Metformin-mediated reduction of gluconeogenesis decreases glucose levels and secondarily reduces insulin levels. Several other molecular mechanisms directly targeting the cardiovascular system have been suggested, and a large part of these effects appears to be mediated by AMP kinase (AMPK) [11]. The activation of AMPK by metformin may improve an impairment of endothelium-dependent relaxation, decrease reactive oxygen species (ROS) production, and may increase nitric oxide (NO) bioavailability [11]. Such vasculo-protective effects may induce reduction of blood pressure, which was observed in our study.

In present study, metformin significantly improved liver function. Non-alcoholic fatty liver disease (NAFLD) is commonly observed in patients with type 2 diabetes. Insulin-resistance plays a central role in the development and progression of NAFLD, and several studies have indicated that metformin, as an insulin sensitizer, effectively improves NAFLD and its related metabolic status [12]. Metformin-induced improvement of insulin resistance may be associated with amelioration of liver function in our patients.

Our study showed that metformin reduced LDL-C and non-HDL-C. It was recently reported that metformin exerts a beneficial effect on serum lipids by lowering TG, through a selective increase in very low-density lipoprotein (VLDL)-TG uptake and fatty acid oxidation in adipose tissue [13]. The metformin-induced reduction in tissue lipid storage is consistent with an increase in both fatty acid oxidation and inhibition of lipogenesis, presumably mediated by AMPK activation [13-15]. Such mechanisms may contribute to reduction of LDL-C and non-HDL-C in our study.
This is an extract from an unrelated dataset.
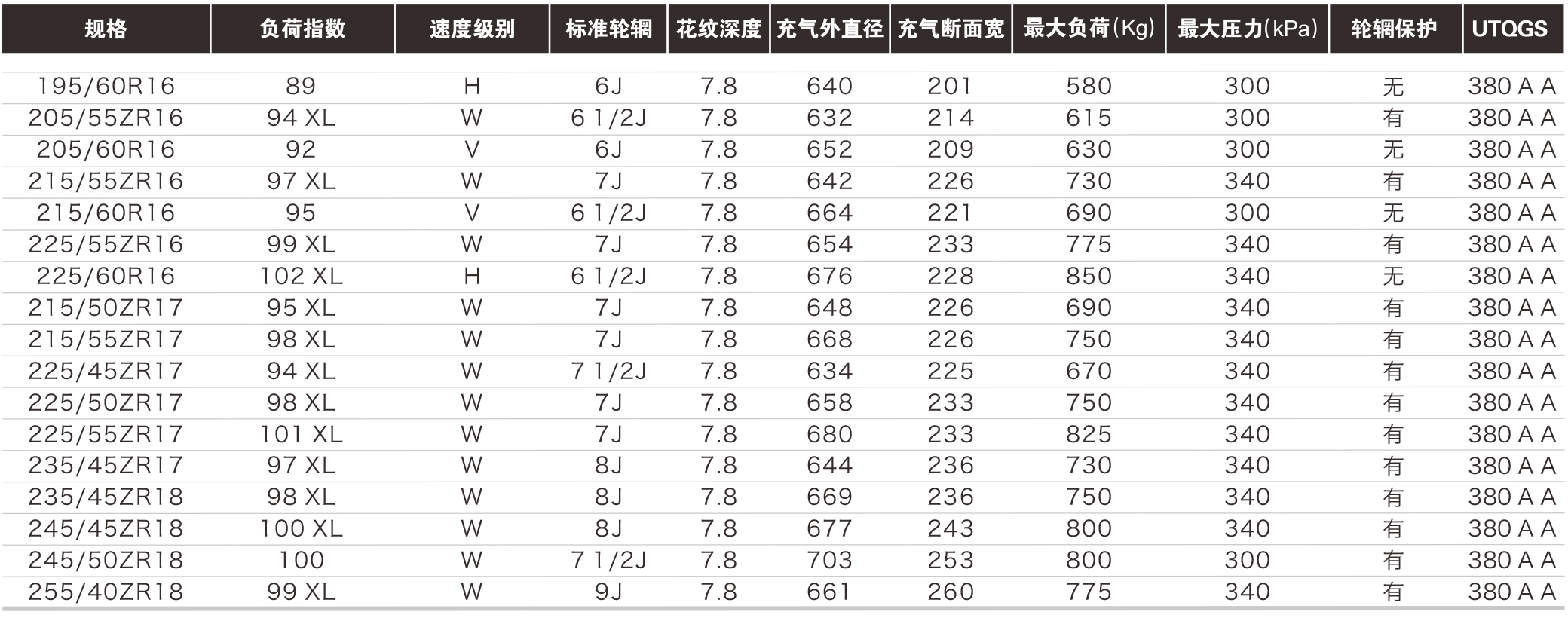胎面非對稱的花紋設計,既確保了優異的彎道抓著力又分散了轉向時產生的接地壓力。
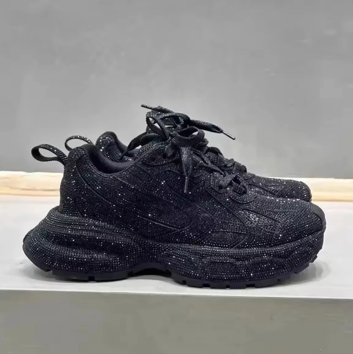 High Quality 2026 Women's Square Toe Chunky Sneakers Lace-Up Closure Casual Style Fashion Walking Shoes Mesh Cotton Fabric

Our study demonstrated that metformin significantly reduced HbA1c in both patients with BMI < 25 and BMI ≥ 25 group. DeFronzo RA, et al reported that metformin suppressed hepatic gluconeogenesis regardless of the presence or absence of obesity [16], supporting our result. Interestingly, metformin improved body weight, blood pressure and liver function in only patients with BMI ≥ 25. Increased blood pressure and NAFLD are highly associated with insulin resistance, and insulin resistance may be more severe in patients with BMI ≥ 25 than in patients with BMI < 25. An amelioration of insulin resistance may decrease serum insulin levels which can induce weight loss, and may also improve blood pressure and liver function.

The present study has several limitations. First, food intakes and/or exercise levels may have an influence on the study results. Second, the number of studied subjects was small because of the limited availability. A more detailed prospective study is recommended to evaluate the effects of metformin monotherapy more validly.

Conclusions

The metformin monotherapy improved glycemic control regardless of presence or absence of obesity. Interestingly, metformin improved body weight, blood pressure and liver function in only overweight patients with type 2 diabetes.

Conflict Interest

The authors declare that they have no competing interests.